■ Exercise:
Below is a listing with pictures. Repeat exactly the lines starting at the one holding "なんと道路から花火が上がり始め、白い煙も見えた。" and going on through the one holding "Laptop de gaming", and leave every picture out.

■ Provided data:
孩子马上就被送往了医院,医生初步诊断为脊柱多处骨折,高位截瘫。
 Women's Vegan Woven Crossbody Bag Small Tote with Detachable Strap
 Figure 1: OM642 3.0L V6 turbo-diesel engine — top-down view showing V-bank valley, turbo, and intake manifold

--

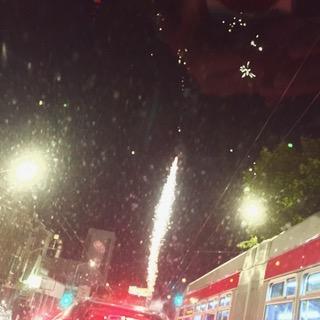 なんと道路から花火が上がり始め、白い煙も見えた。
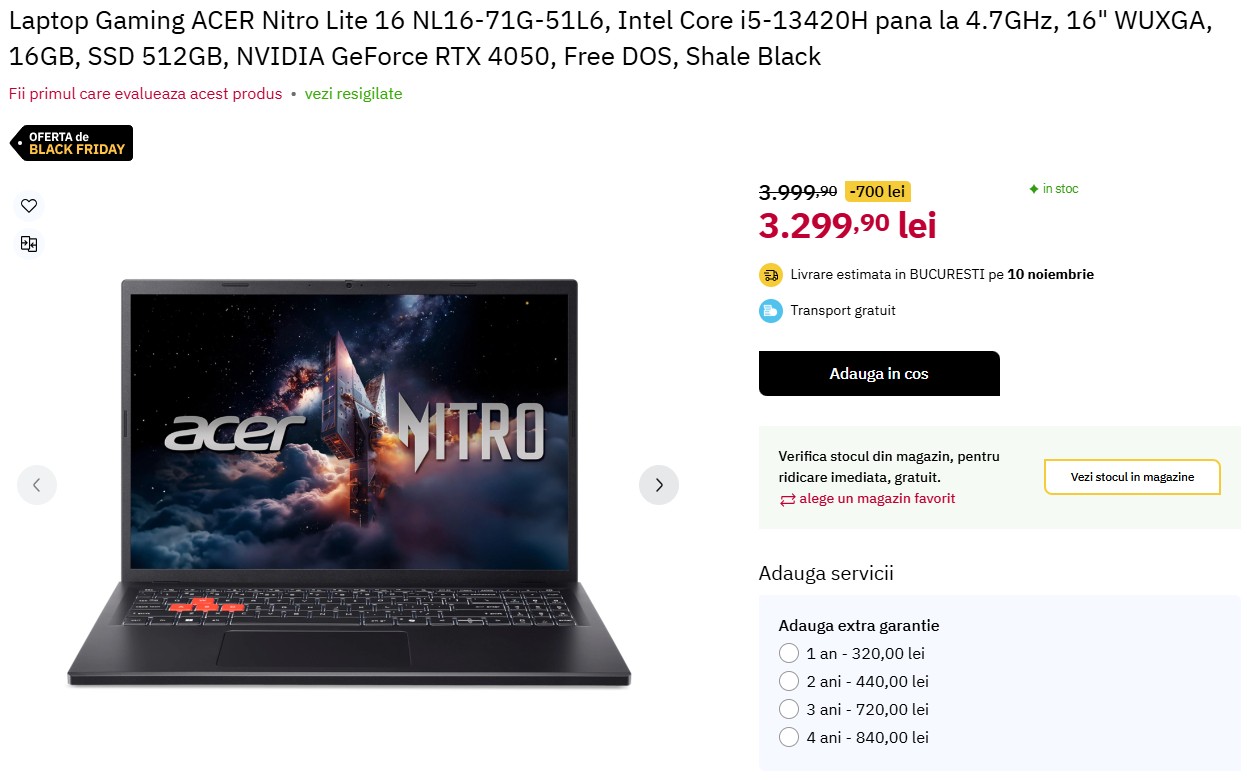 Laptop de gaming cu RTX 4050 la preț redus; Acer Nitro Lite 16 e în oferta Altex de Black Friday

...

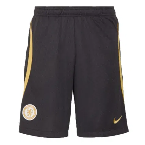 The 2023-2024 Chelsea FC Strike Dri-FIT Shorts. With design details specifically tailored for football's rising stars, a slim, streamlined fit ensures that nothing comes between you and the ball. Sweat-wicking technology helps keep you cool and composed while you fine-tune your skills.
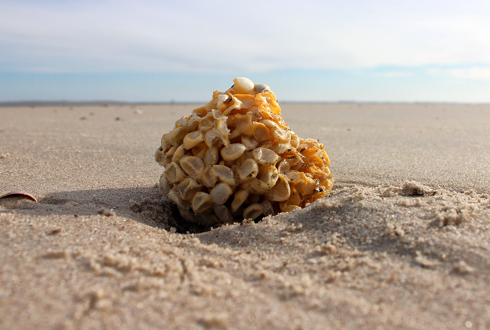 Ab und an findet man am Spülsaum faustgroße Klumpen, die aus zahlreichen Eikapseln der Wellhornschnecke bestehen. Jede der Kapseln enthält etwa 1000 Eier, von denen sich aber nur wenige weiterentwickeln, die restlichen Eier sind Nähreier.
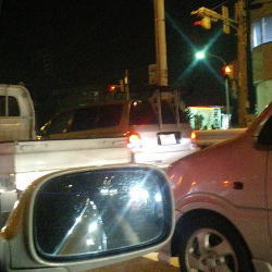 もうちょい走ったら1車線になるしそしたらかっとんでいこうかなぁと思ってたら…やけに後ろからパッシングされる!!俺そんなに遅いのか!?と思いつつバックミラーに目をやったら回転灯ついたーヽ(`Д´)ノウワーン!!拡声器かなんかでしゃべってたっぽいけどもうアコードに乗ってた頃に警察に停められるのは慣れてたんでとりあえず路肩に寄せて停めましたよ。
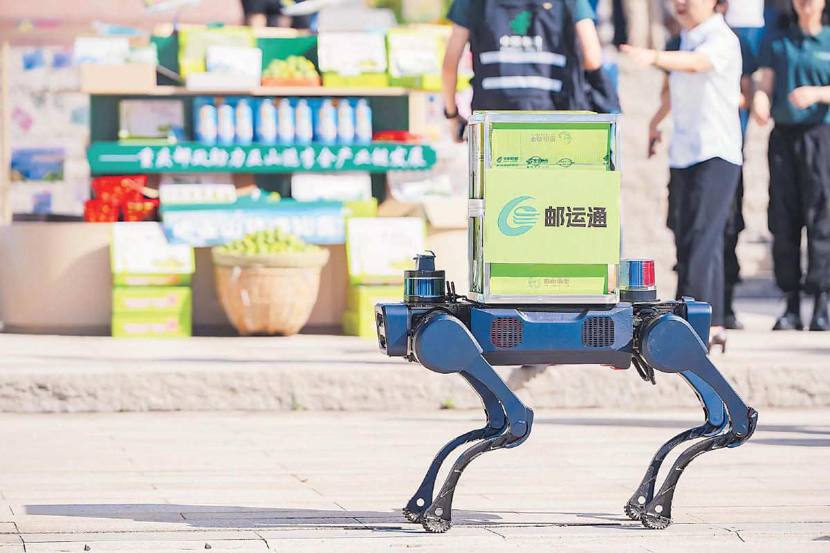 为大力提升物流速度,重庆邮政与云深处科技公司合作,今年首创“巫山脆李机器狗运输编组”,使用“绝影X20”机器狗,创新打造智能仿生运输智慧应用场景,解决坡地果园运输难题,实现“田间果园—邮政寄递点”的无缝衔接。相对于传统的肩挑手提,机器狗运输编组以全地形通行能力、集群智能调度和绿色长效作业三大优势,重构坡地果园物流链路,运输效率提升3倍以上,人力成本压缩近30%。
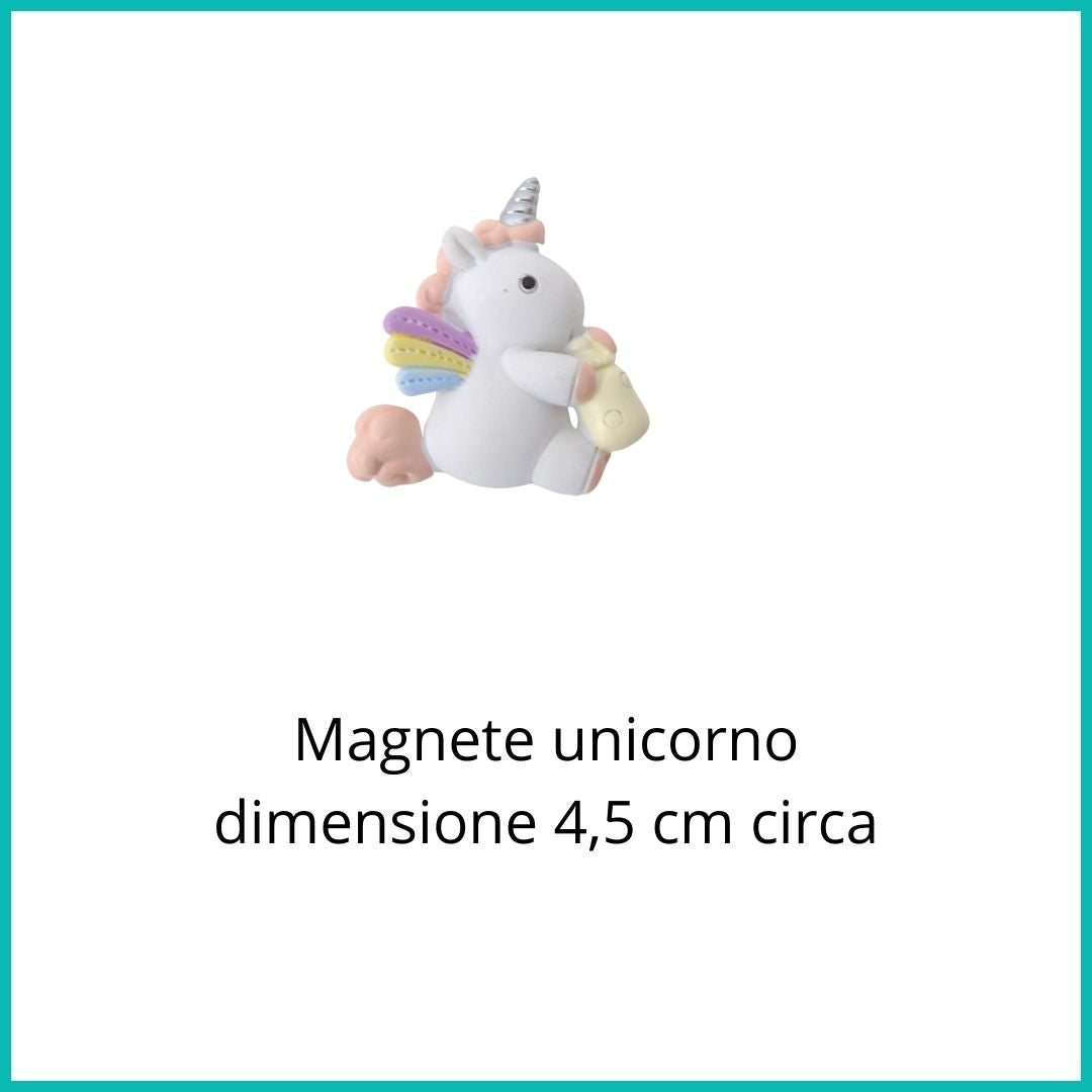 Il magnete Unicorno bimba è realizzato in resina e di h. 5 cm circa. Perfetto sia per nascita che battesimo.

■ Answer below:
 なんと道路から花火が上がり始め、白い煙も見えた。
 Laptop de gaming cu RTX 4050 la preț redus; Acer Nitro Lite 16 e în oferta Altex de Black Friday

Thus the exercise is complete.